[Required action]
The line containing "2,400 จุด โดยไม่มีค่าดำเนินการ" marks the end: extract everything from the first line of the data through that line, exactly, with no pictures.

[Records supplied]
+ + + +

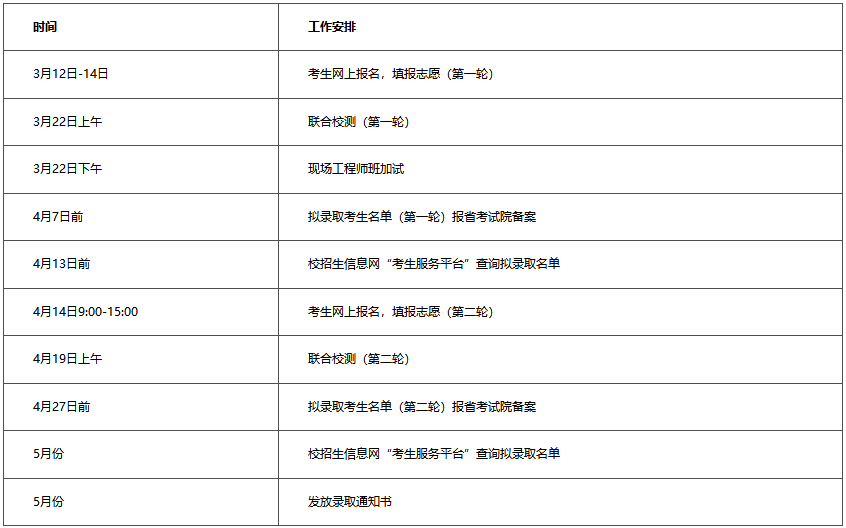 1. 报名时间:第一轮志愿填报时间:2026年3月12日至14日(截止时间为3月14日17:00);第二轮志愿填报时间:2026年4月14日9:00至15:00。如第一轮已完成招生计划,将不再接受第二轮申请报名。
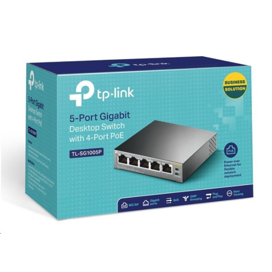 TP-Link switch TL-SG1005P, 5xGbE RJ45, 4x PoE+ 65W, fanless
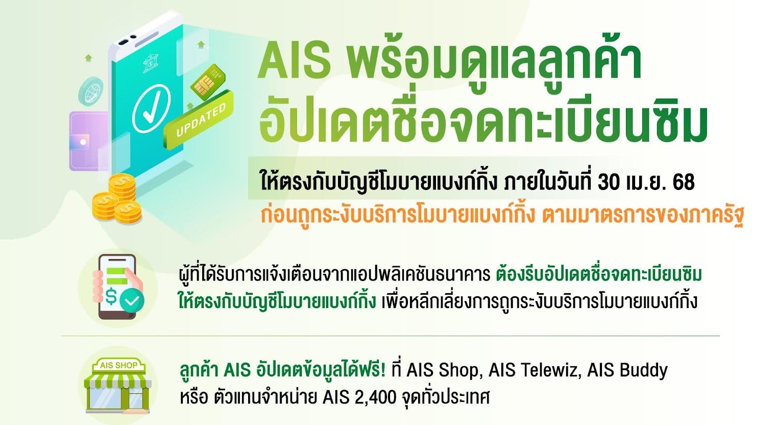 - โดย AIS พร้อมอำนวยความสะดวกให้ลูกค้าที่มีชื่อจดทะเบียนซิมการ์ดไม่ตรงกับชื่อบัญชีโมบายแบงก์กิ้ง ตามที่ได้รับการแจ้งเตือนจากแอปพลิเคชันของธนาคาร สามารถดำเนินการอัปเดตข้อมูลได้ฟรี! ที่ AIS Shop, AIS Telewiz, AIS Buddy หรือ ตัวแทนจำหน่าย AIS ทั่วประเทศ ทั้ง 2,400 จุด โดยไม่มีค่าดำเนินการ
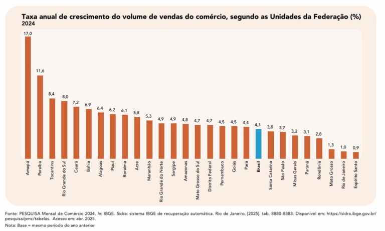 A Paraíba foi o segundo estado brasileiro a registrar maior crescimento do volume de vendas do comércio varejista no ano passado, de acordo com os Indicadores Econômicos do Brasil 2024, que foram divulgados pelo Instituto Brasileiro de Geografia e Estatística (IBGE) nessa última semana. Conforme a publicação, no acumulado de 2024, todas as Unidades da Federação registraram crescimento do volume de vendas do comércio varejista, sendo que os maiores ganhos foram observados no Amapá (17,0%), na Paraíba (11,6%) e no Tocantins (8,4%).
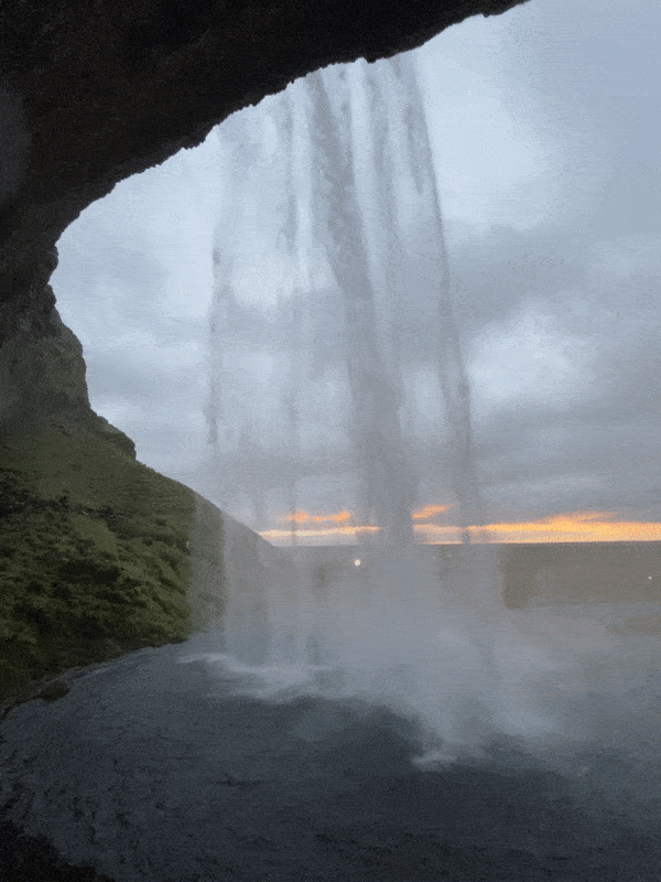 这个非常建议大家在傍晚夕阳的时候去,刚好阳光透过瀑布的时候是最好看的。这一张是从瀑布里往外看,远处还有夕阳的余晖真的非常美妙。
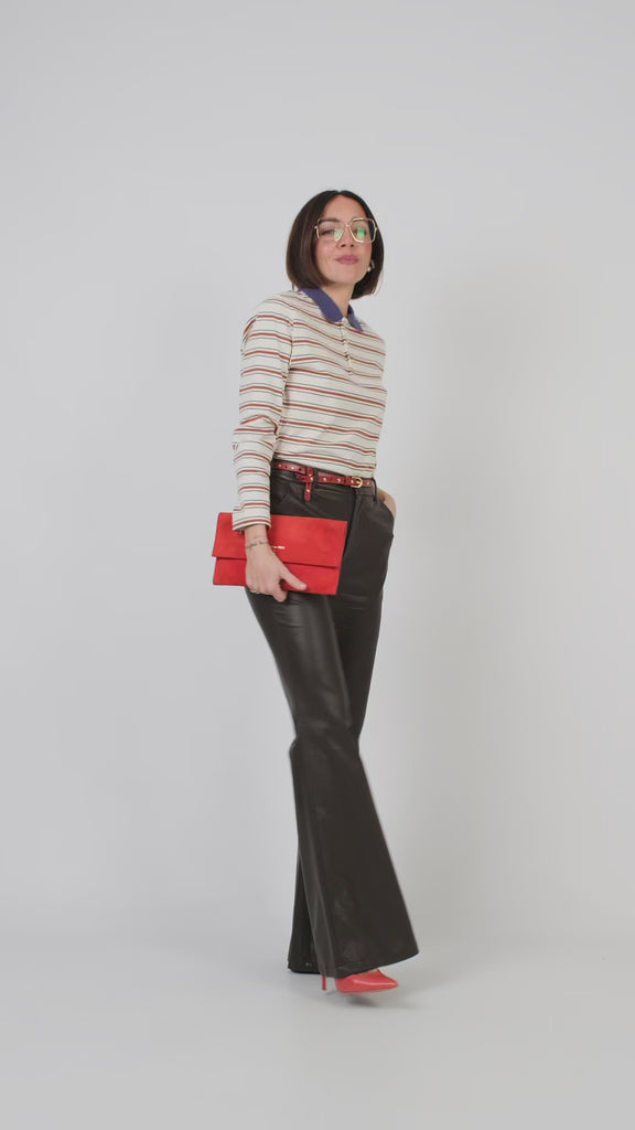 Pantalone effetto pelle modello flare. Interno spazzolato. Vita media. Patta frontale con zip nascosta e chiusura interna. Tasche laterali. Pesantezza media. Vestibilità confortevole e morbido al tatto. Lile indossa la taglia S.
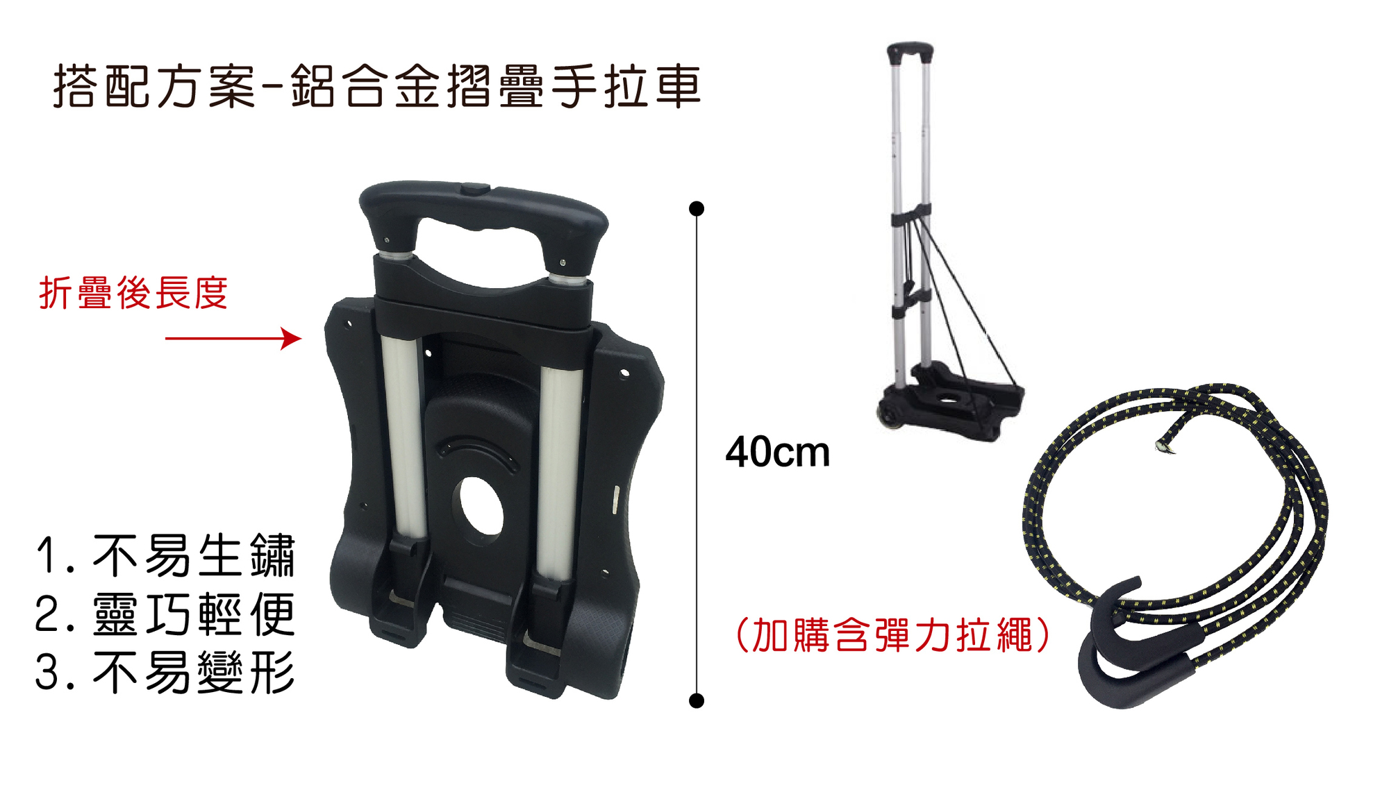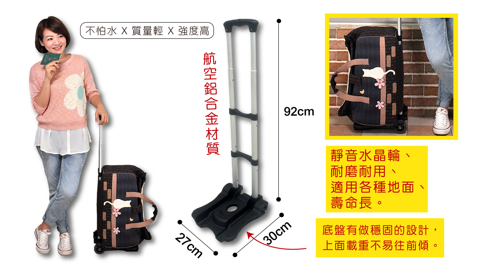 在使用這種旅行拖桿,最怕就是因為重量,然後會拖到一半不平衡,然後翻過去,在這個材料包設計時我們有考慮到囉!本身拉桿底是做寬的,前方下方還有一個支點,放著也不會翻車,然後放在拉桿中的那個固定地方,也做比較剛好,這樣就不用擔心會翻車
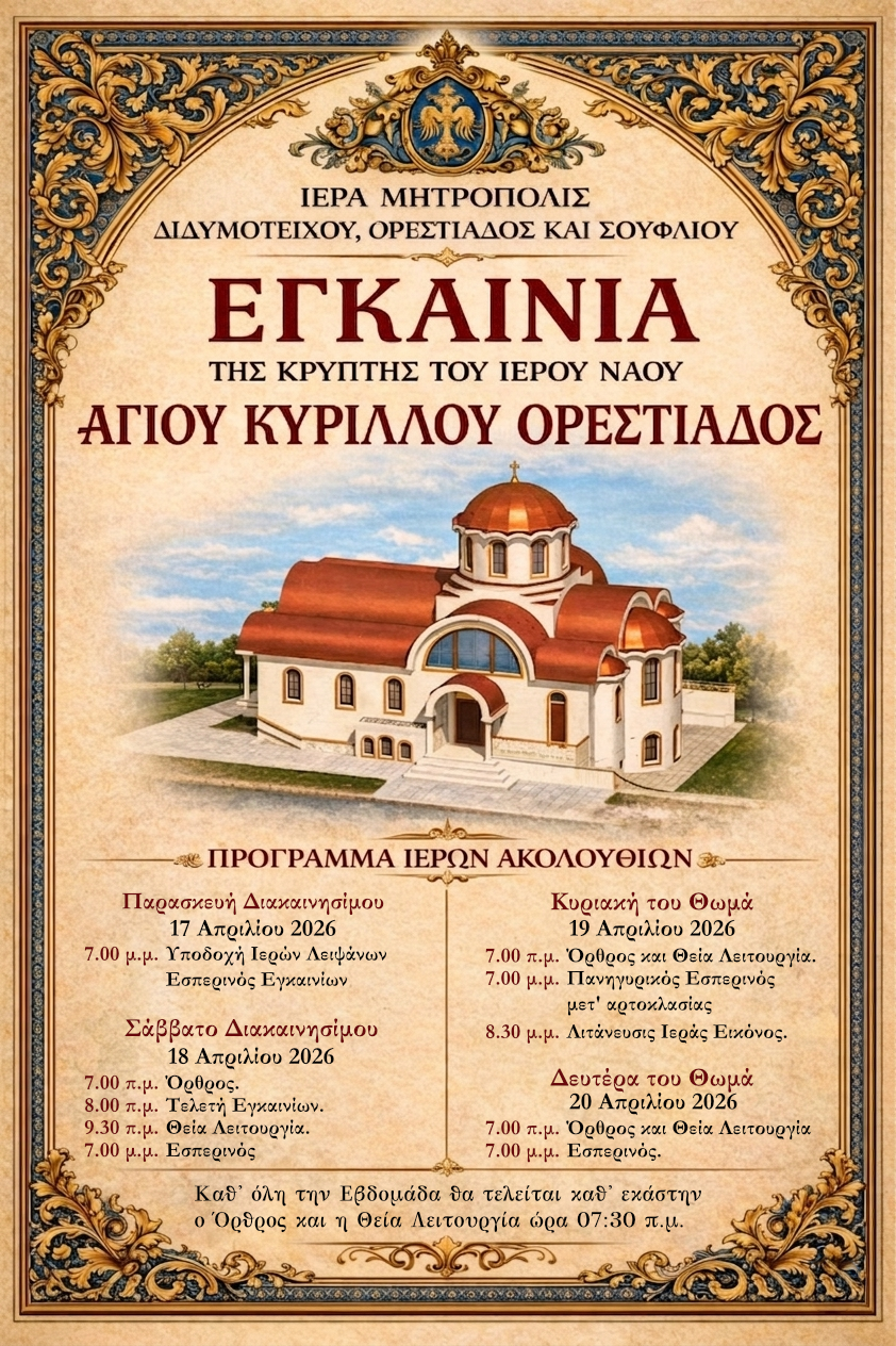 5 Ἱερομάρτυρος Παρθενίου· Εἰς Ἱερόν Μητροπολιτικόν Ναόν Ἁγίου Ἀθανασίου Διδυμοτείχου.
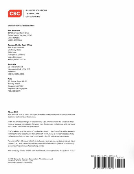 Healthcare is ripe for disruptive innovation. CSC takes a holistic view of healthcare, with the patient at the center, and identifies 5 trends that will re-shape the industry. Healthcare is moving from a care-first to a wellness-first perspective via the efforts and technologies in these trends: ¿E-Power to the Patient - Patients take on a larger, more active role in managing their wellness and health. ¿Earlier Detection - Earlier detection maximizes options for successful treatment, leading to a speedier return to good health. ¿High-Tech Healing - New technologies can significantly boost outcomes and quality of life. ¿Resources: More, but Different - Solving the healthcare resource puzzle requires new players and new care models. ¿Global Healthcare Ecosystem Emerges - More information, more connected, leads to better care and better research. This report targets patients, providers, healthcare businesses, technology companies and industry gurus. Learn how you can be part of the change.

+ + + +

[Answer box]
 1. 报名时间:第一轮志愿填报时间:2026年3月12日至14日(截止时间为3月14日17:00);第二轮志愿填报时间:2026年4月14日9:00至15:00。如第一轮已完成招生计划,将不再接受第二轮申请报名。
 TP-Link switch TL-SG1005P, 5xGbE RJ45, 4x PoE+ 65W, fanless
 - โดย AIS พร้อมอำนวยความสะดวกให้ลูกค้าที่มีชื่อจดทะเบียนซิมการ์ดไม่ตรงกับชื่อบัญชีโมบายแบงก์กิ้ง ตามที่ได้รับการแจ้งเตือนจากแอปพลิเคชันของธนาคาร สามารถดำเนินการอัปเดตข้อมูลได้ฟรี! ที่ AIS Shop, AIS Telewiz, AIS Buddy หรือ ตัวแทนจำหน่าย AIS ทั่วประเทศ ทั้ง 2,400 จุด โดยไม่มีค่าดำเนินการ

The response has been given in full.